Small Aircraft Carriers
Continuing my thoughts on the military’s obsession with platforms. Here I discuss the ultimate platform, the giant aircraft carriers still being built despite many reaching outrageous cost. Since the 1982 Falklands War, Britain has proved that small aircraft carriers with Harrier V/STOL aircraft can hold their own against fixed wing jet fighters. Likewise these planes have proved ideal for launching from the US Marine’s big assault ships during Operation Iraqi Freedom where they were dubbed “Harrier Carriers”. Yet America and Britain continue to produce the huge and increasingly vulnerable heavy carriers, and are depleting their surface fleet in order to accommodate these expensive dinosaurs. Here’s what the Pentagon’s ex-Transformation Chief had to say about Small Carriers:
Arthur Cebrowski, the retired three-star admiral who leads the Pentagon’s transformation office, defied convention last week by suggesting the Navy, long wedded to its fleet of massive aircraft carriers, should convert high-speed vessels into “very, very small” aircraft carriers.
He briefly sketched out a concept for distributed, seabased, tactical aviation that would use large numbers of minicarriers, each carrying a handful of short-takeoff-and-vertical-landing Joint Strike Fighters armed with very small, precise weapons.
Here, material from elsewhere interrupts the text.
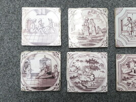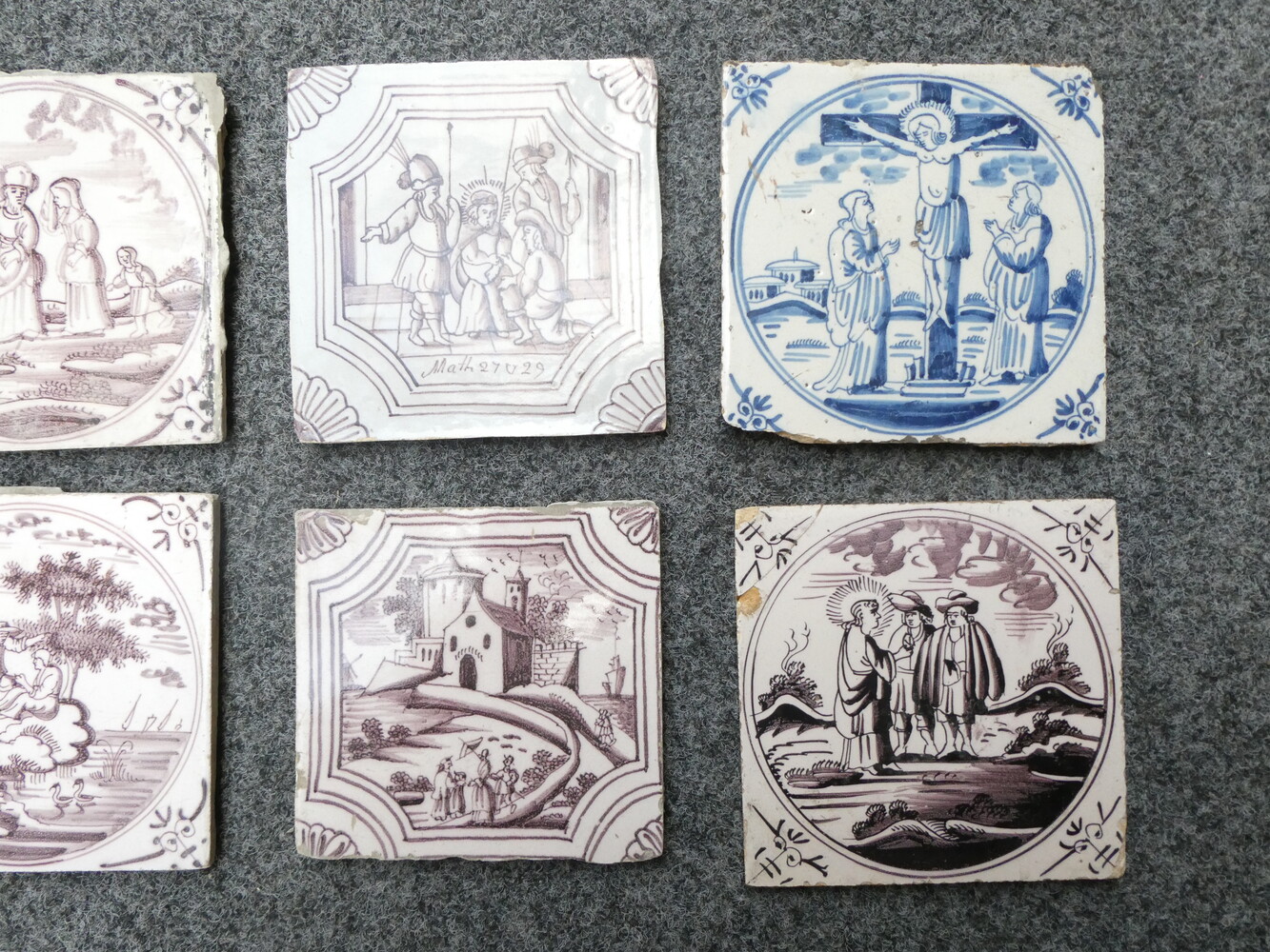Acht antieke Delftse tegeltjes, religieus en profaan
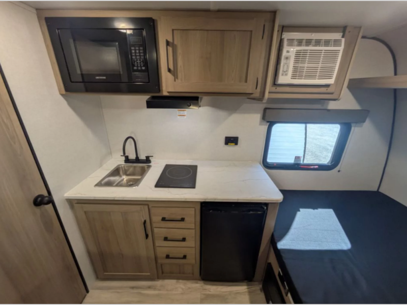 This compact travel trailer lets you camp in comfort at the location of your choice! Since there is a front queen bed, you won't have to sleep on an air mattress, and the shelf above the bed will be perfect for your belongings. Bunk beds provide additional sleeping space for your guests or little ones, and the private bath includes a shower and toilet so you won't have to use the camp's facilities at night. This model includes an induction cooktop and microwave oven to cook meals, plus a 3.2 cu. ft. 110V refrigerator for food storage. And the 8' power awning outdoors provides a place for you to sit in your camp chairs after dinner!

It was one of several ideas he discussed Aug. 4 during remarks at a Navy research and development conference in Washington, DC.
…The minicarrier … is depicted carrying five tactical aircraft and other items, including a couple of helicopters and some amphibious assault craft. These vessels would be network-centric and could contribute to seabasing, according to Cebrowski’s briefing. Under the heading “assured access,” the briefing argues the minicarrier would “correct tactical instability” and complicate enemy intelligence, surveillance and reconnaissance. The minicarrier would be more survivable against certain threats and less susceptible and vulnerable, according to the briefing. The idea would also allow the Navy to reduce manpower and costs, the briefing argues.
There’s good news: The Navy may be forced to retire some of its carriers because of the cost of its new Brown Water fleet plans.